Arguably, I should probably be making some spanking-new resolutions for this new year.  It's traditional, like black-eyed peas.  And usually, I do--the old stand-bys of 'lose 30 pounds', 'start running again', 'no more cursing'...but if history repeats itself (and usually, it does) then in about 2 weeks I'll have forgotten all the promises I made to 2010 and fall right back into my 50 year old ways.  I can't yet bear the knowledge of my eventual failure.

Too, I am worried for my patient--who, on his 4th post-op day is cranky, bored with my delicious smoothies and frustrated by pain and his inability to talk--because he is starting to see that this recovery period is going to take longer than he (OK, we) thought it would.  I'm worried that school starts in 2 1/2 weeks and he hasn't registered for classes yet...but am worried too that he won't be ready to start back to school on the 19th, that he won't feel like living alone in his apartment at school, and most of all, worried that he may decide he doesn't feel or look like going back to class when it starts and thus will miss out on a whole semester of college.  I'm worried about his physical state AND his mental state.  I'm afraid I won't be able to keep him occupied, well-fed and content for 5 1/2 more weeks.  I'm just worried....and it's not really my nature. 

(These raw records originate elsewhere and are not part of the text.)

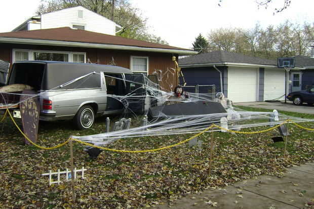 esto es bastante bajo tecnología hemos hecho mi pareja en un cementerio para Halloween. Hemos encontrado una docena decoraciones de piedra sepulcral de espuma en una tienda de dólar y había atornillado a un traje verde. Algunos murciélagos en alambre
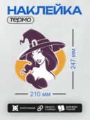 Дизайн: Улыбающаяся ведьма в фиолетовой шляпе на фоне луны. — идеально подходит для декора и восстановления одежды.
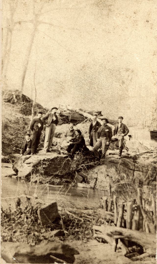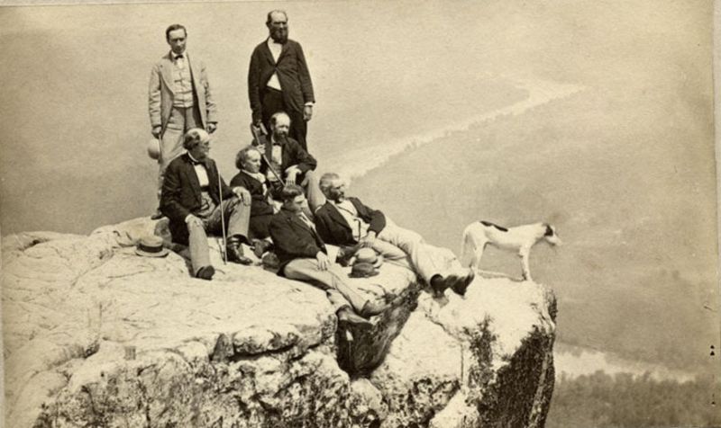 | Seven men and an intrepid dog are perched on top of Lookout Mountain, Tennessee |
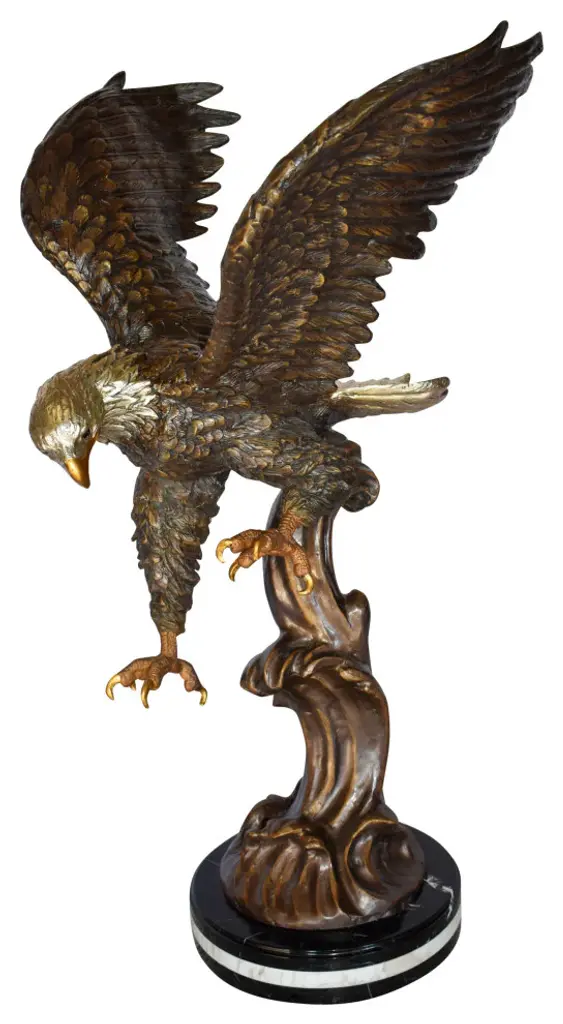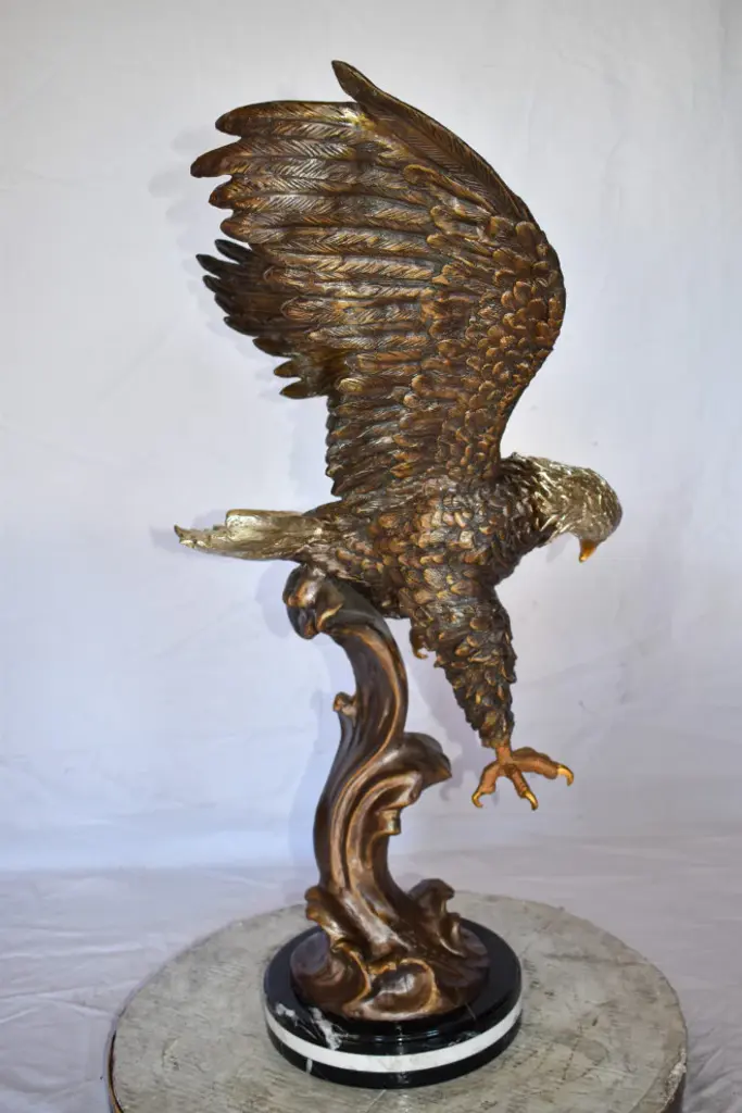 This charming bronze statue depicts the American bald eagle. The eagle head captures the essence of the majestic bird searching for prey. The eagles very large beak used for tearing flesh from their prey. The extremely keen eyesight of the eagle stares out spotting a potential prey from a very long distance. This is a true example of a museum quality hand-casted bronze using the Lost Wax Process. Perfect for any art, animal or nature enthusiast. Size: 21"L x 18"W x 35"H. Weight is: 58Lb
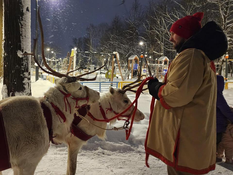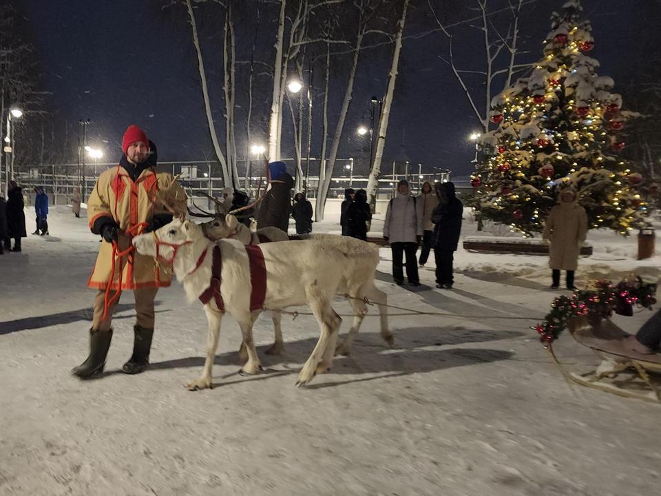 Кульминацией вечера стало катание на санях, запряженных настоящими северными оленями. Десятилетние Яша и Гек, доставленные из Мурманска под присмотром сопровождающего их Виталия, катали всех желающих.
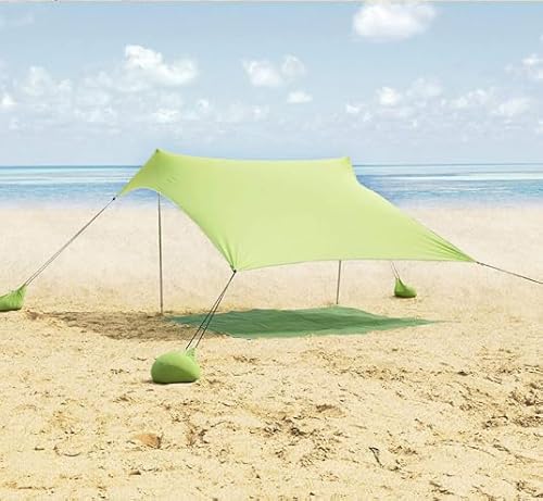 Tenda da Spiaggia, Portatile Protezione Tenda Da Sole con 4 Sacchi di Sabbia e 2 pali in Alluminio, 2.1*1.6*1.5m UPF 50+ Tenda Parasole Per La Spiaggia, Il Campeggio Picnic, La Pesca Verde
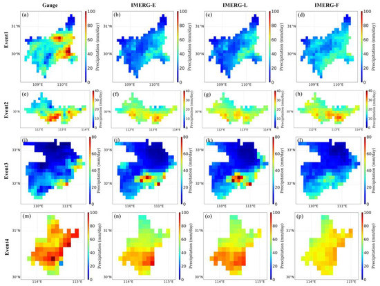 Spatial distribution of mean daily precipitation for gauges (a,e,i,m), IMERG-E (b,f,j,n), IMERG-L (c,g,k,o), and IMERG-F (d,h,l,p) over four regions and periods during the four extreme precipitation events, which are Event 1 (a–d), Event 2 (e–h), Event 3 (i–l), and Event 4 (m–p).
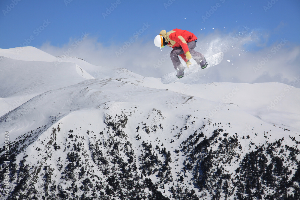 Snowboard rider jumping on mountains. Extreme snowboard freeride sport.
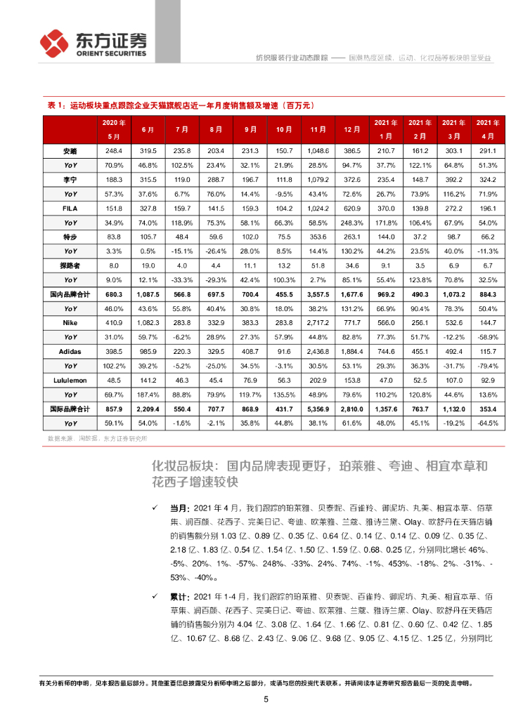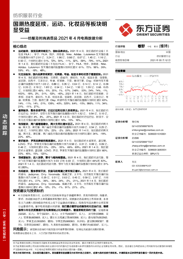 东方证券:纺服及时尚消费品2021年4月电商数据分析:国潮热度延续,运动、化妆品等板块明显受益.pdf
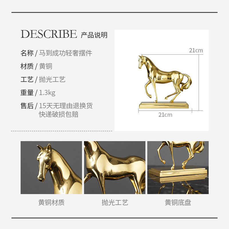 Nordic fashion light luxury brass horse to success decoration living room home accessories creative bedroom wine cabinet decoration
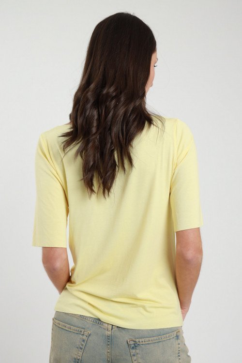 T-Shirt mit Rundhalsausschnitt aus Stretch-Viskose mit rohem Schnitt und halblangen Ärmeln. 94 %vi 6 %ea
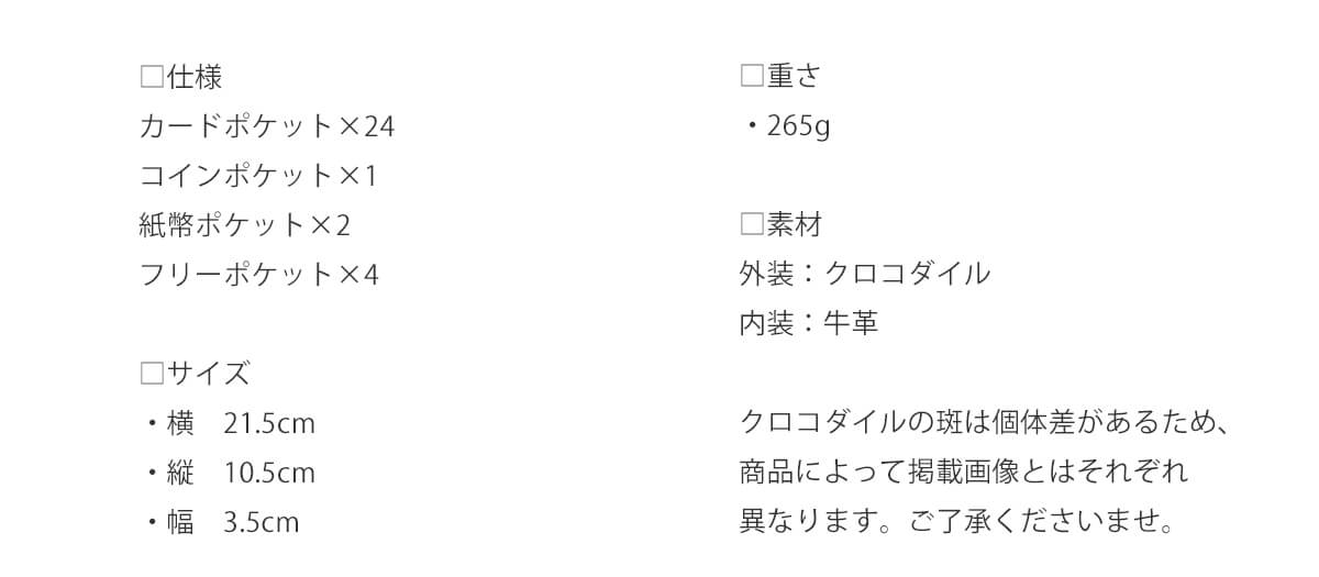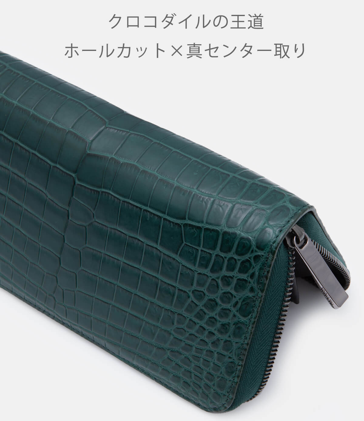 老舗として長い歴史の中で見てきた経験から生まれた最もクロコダイルの斑が美しく映えるサイズとデザインで仕上げる、そんな贅沢を極めたアイテムです。
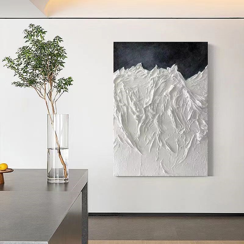 纯手绘油画 画立体l肌理极简装饰画 画侘寂风抽象石英砂石膏玄关
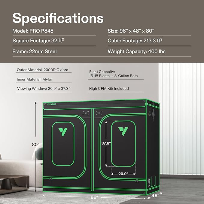 VIVOSUN P848 96"×48"×80" PRO Grow Tent, with Thick 1 inch Poles, Strengthened High Reflective Mylar Oxford Fabric, Extra Hanging Bars & High CFM Kit for Hydroponics Indoor Plant for AeroLight A200SE×4
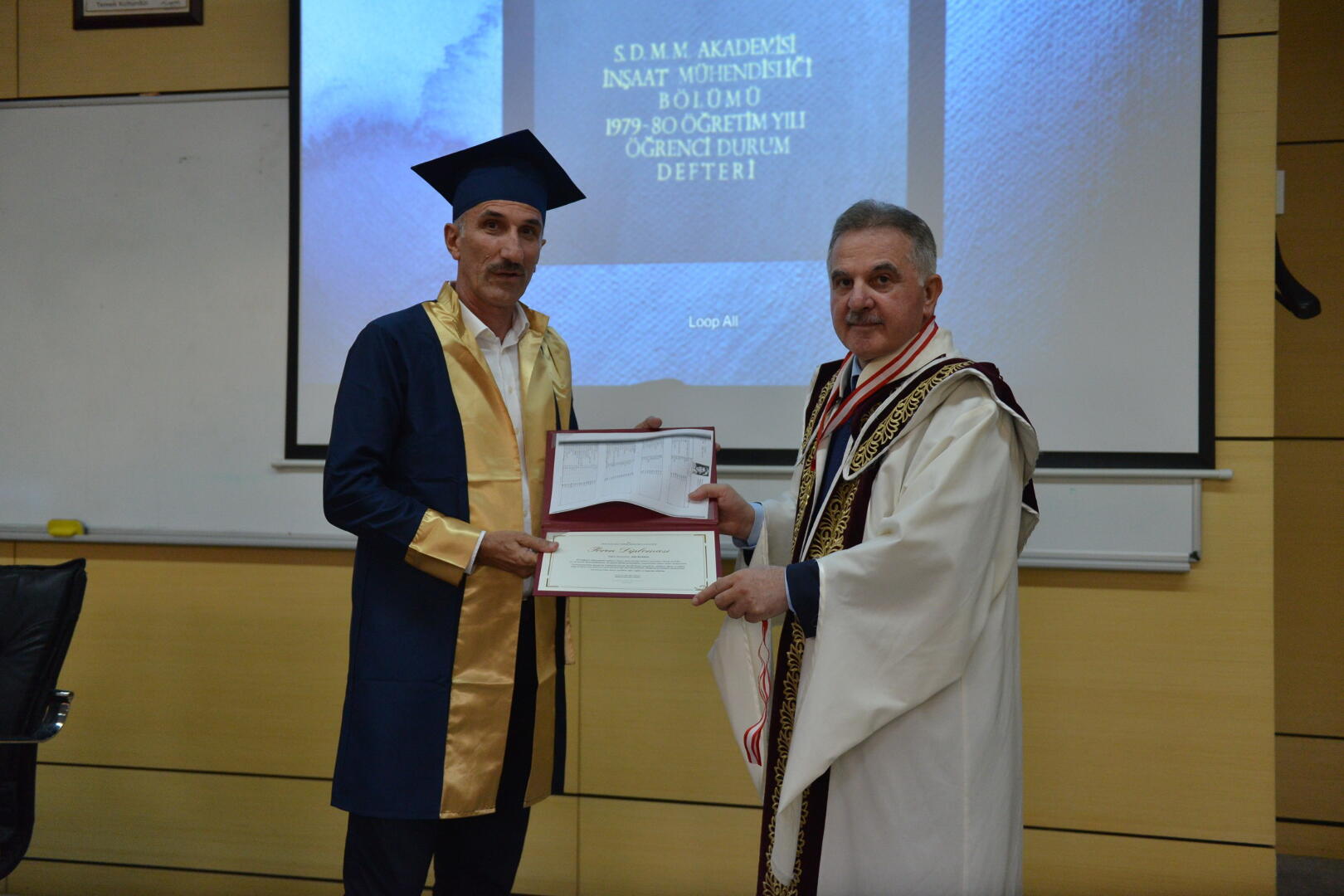 İTÜ Sakarya Mühendislik Fakültesi İnşaat Mühendisliği Bölümünün 1979 yılı girişli ve 1983 yılı mezunlarına yönelik SAÜ Kültür ve Kongre Merkezi’nde bir tören düzenlendi. Törende eski mezunlar kep ve cübbe giydi.

I could tell him what to do...but I can't even tell myself what to do.  I can't even decide what to call this new year.  Is it more hip to call it twenty-ten?  Is it too time-consuming to say two thousand ten?

So on the first afternoon of a new decade, I find myself in unfamiliar waters, in uncharted territory, in untested times...in a yet-as-unnamed YEAR, for crying out loud.  And thankful for the safe familiarity of my pjs and robe.